Hacker News new | ask | show | jobs
by Bsharp 4600 days ago
All of your concerns are addressed in his article:

> The basis of any informed discussion is a mathematical model. The best way to think of a mathematical model is a way to force everyone to clearly enumerate all assumptions being made, and to accept all logical reasoning that follows from those assumptions. Given a model, everyone involved in a discussion can agree that either the conclusions of the model are correct, or one of the assumptions going into the model must be false. This is very important when disagreement is reached - disagreement in the conclusions implies disagreement with some assumption, so it makes sense to figure out which assumption is the cause of disagreement.

It’s also important not to be blinded by a model. The involvement of numbers does not make an argument empirically correct - it simply makes it more understandable and less likely to be logically flawed.

He knows the limitations of mathematical modeling and is simply presenting a basic simulation of these two policies subject to various assumptions.

2 comments

As I understand it, the recent economic turmoils in various parts of the world seem to have shed a new light on the mathematical modelling of real economies. While the models might be a good discussion tool, forcing the parties to explicitly state various assumptions and ideas, they are essentially useless for predicting a real world economy.

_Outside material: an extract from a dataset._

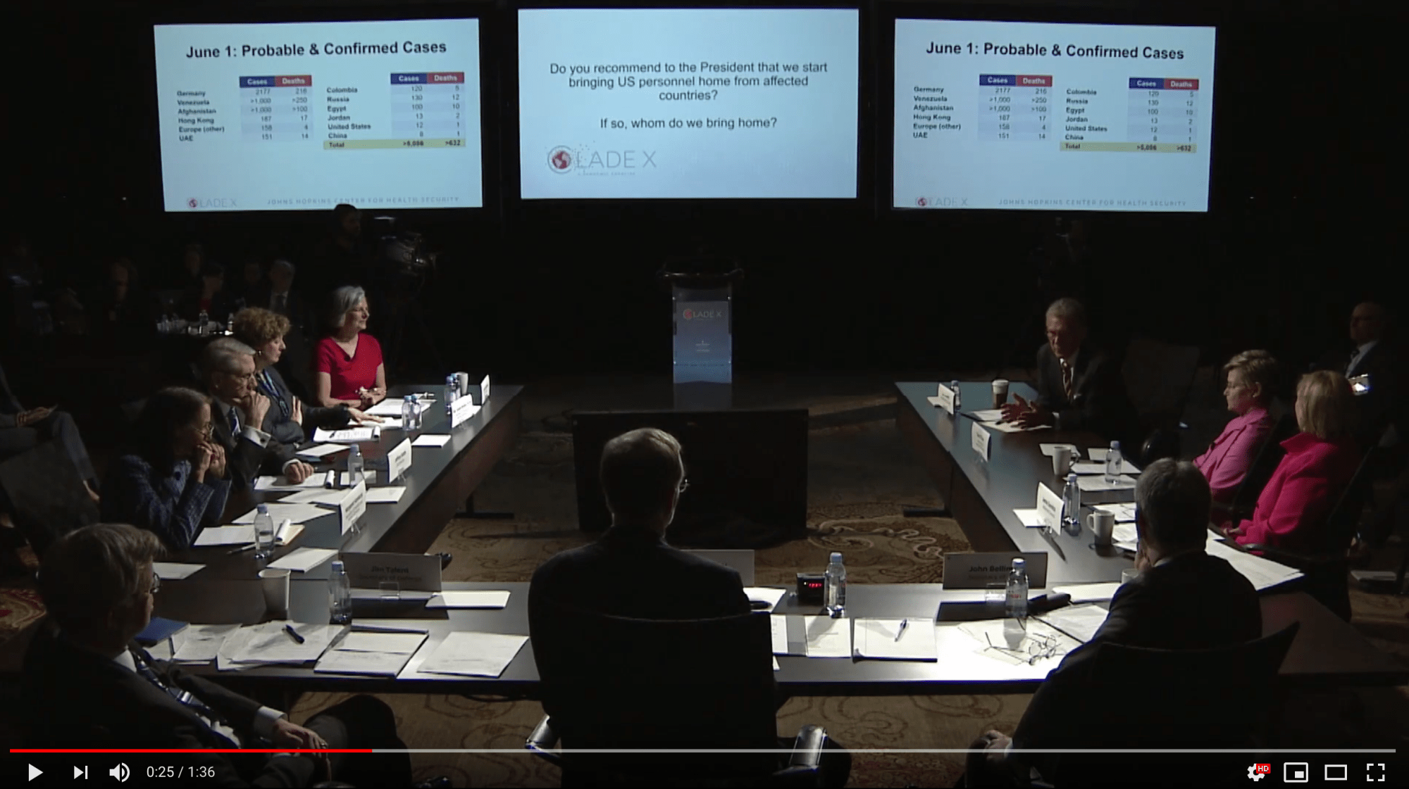 Para dar respuesta a estas y otras interesantes preguntas se había realizado un ejercicio simulado de un día (ojo, ¡en mayo 2018!) sobre cómo reaccionarían los miembros del Consejo de Seguridad Nacional de EEUU en respuesta a una pandemia creciente. Lo llamaron Clade X y fue transmitido en vivo por Internet (canal de youtube).

And what’s worse, they seem like something dependable. Isn’t it very hard to judge how much a model has to do with reality? A discussion about a model might be a perfectly scientific, constructive and relevant discussion about a theoretical world that has almost nothing to do with the real one.

No, it might not. Not unless you use the word "scientific" in some creative way.

The "real world" is a necessary component for the scientific method. By comparing model predictions to real-world experiments, it allows refuting and refining models and theories. How else would you evaluate theories, to separate the chaff from the grain?

The feedback from observation is absolutely vital.

Please don’t generalize my arguments to scientific method as such, I am just talking about economy. A real-world economy is a wildly nonlinear system, a bit like the weather. And there’s always something important you may fail to take into account, like the role of the private financial sector in the recent economic crisis. You may argue that we are now wiser and our models better, but the plain fact is that the degree of correspondence between our models and the real economic world is very poor. When you tweak a model for such a complex system, how do you scientifically know it’s better for predicting the future behaviour? It’s madness to think that you could reasonably model what would happen after introducing a minimal income.
I agree with you, but that changes nothing.

You're basically saying that economy is not science, in the sense above. Which I agree with. It is madness.

This doesn't mean that things outside science cannot be useful -- just that it's not science.

He would do well to read Hayek's Nobel Prize Lecture, "The Pretence of Knowledge".

"it simply makes it more understandable and less likely to be logically flawed" -- yes to the first part, no to the second.

I think it does make it less likely to be logically flawed, in that you can better see what is following from your assumptions. It's like stronger typing or an additional test in your test suite. It's perfectly possible to still get wrong results, but it's less likely. "Less likely enough" is another, extremely important question.